**EXERCISE OBJECTIVE**
Below is a block of entries; repeat exactly the lines starting at the line that contains "코픽 일회용 멀티라이너" and ending at the line that contains "STYLISH COUNTRY CHARM: This", both included.

**PROVIDED INFORMATION**
###
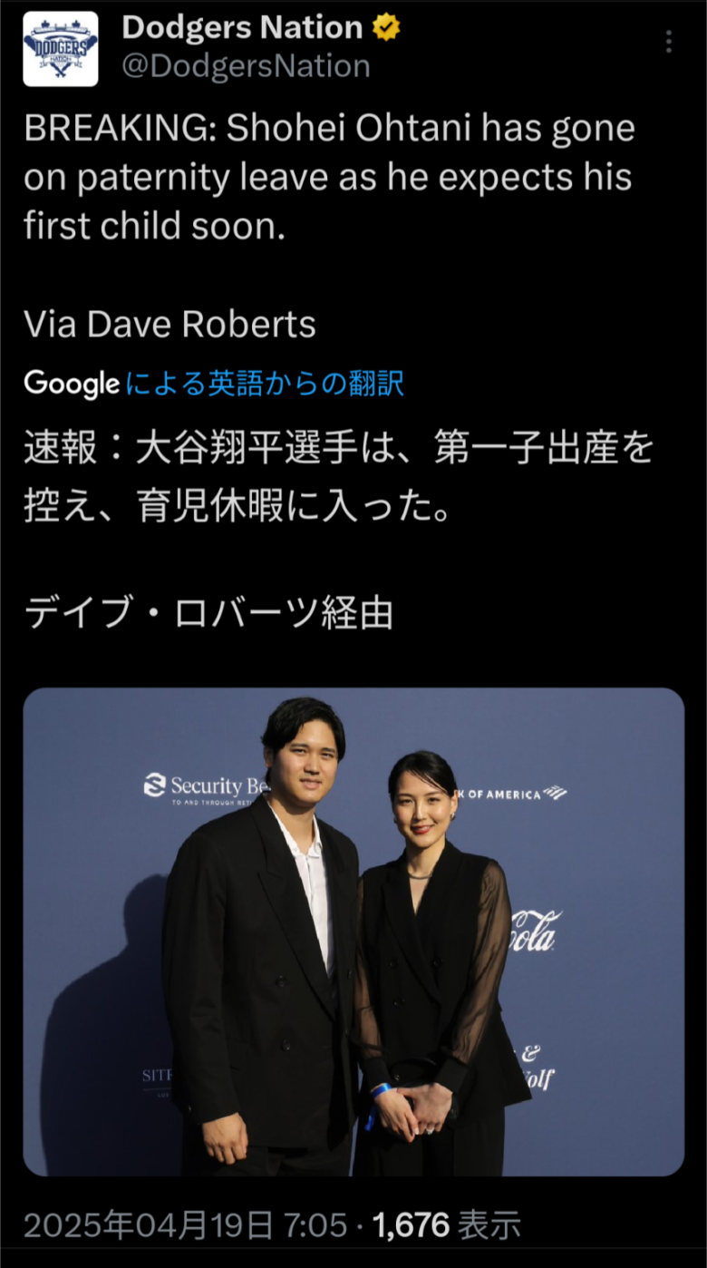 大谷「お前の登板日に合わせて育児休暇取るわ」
###
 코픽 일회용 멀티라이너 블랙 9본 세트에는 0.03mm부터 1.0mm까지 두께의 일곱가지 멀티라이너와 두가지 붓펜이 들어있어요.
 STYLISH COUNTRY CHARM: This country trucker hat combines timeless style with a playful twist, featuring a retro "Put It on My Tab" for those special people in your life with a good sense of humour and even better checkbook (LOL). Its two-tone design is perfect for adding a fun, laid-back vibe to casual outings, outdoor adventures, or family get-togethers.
###
**YOUR SOLUTION**
 코픽 일회용 멀티라이너 블랙 9본 세트에는 0.03mm부터 1.0mm까지 두께의 일곱가지 멀티라이너와 두가지 붓펜이 들어있어요.
 STYLISH COUNTRY CHARM: This country trucker hat combines timeless style with a playful twist, featuring a retro "Put It on My Tab" for those special people in your life with a good sense of humour and even better checkbook (LOL). Its two-tone design is perfect for adding a fun, laid-back vibe to casual outings, outdoor adventures, or family get-togethers.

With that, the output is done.